• Stored data:
—————
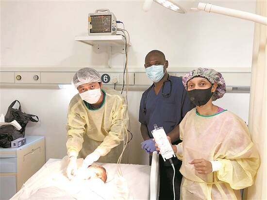 吴德熙(左一)开展多米尼克首例临时起搏器植入术 受访者供图 |
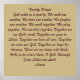 Family Prayer - God made us a family, We need one another, We love one another We forgive one another, We work together, We play together, We worship together, Together we use God's word, Together we grow in Christ, Together we love all men, Together we serve our God, Together we hope for Heaven, These are our hopes and ideals, Help us to attain them, O God, Through Jesus Christ our Lord - Amen ...
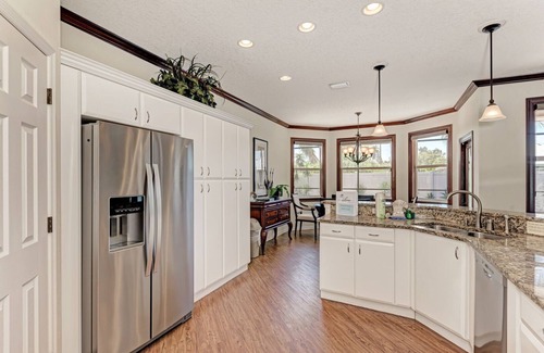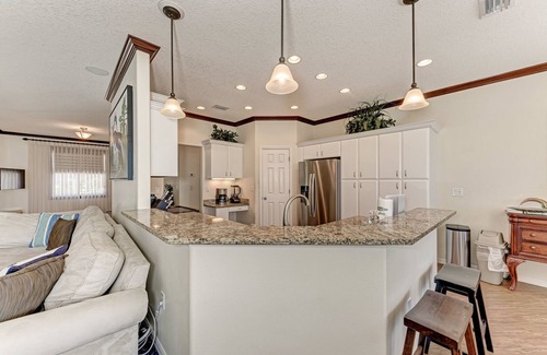 Step into a peaceful paradise where the outdoor living is just as inviting as the indoors. The screened lanai surrounds your private heated saltwater pool and spa, complete with loungers, an outdoor shower, and a stunning outdoor kitchen featuring a built-in gas grill, sink, mini fridge, and ice maker. Dine al fresco with seating for 8 under the warm Florida sky, or relax beneath the gazebo nestled in the serene backyard garden. Guests will also love the Putt-Putt Golf.
—————
• Work instruction: Reprint all the data above verbatim, excluding pictures.

• Exercise response:
 吴德熙(左一)开展多米尼克首例临时起搏器植入术 受访者供图 |
 Family Prayer - God made us a family, We need one another, We love one another We forgive one another, We work together, We play together, We worship together, Together we use God's word, Together we grow in Christ, Together we love all men, Together we serve our God, Together we hope for Heaven, These are our hopes and ideals, Help us to attain them, O God, Through Jesus Christ our Lord - Amen ...
 Step into a peaceful paradise where the outdoor living is just as inviting as the indoors. The screened lanai surrounds your private heated saltwater pool and spa, complete with loungers, an outdoor shower, and a stunning outdoor kitchen featuring a built-in gas grill, sink, mini fridge, and ice maker. Dine al fresco with seating for 8 under the warm Florida sky, or relax beneath the gazebo nestled in the serene backyard garden. Guests will also love the Putt-Putt Golf.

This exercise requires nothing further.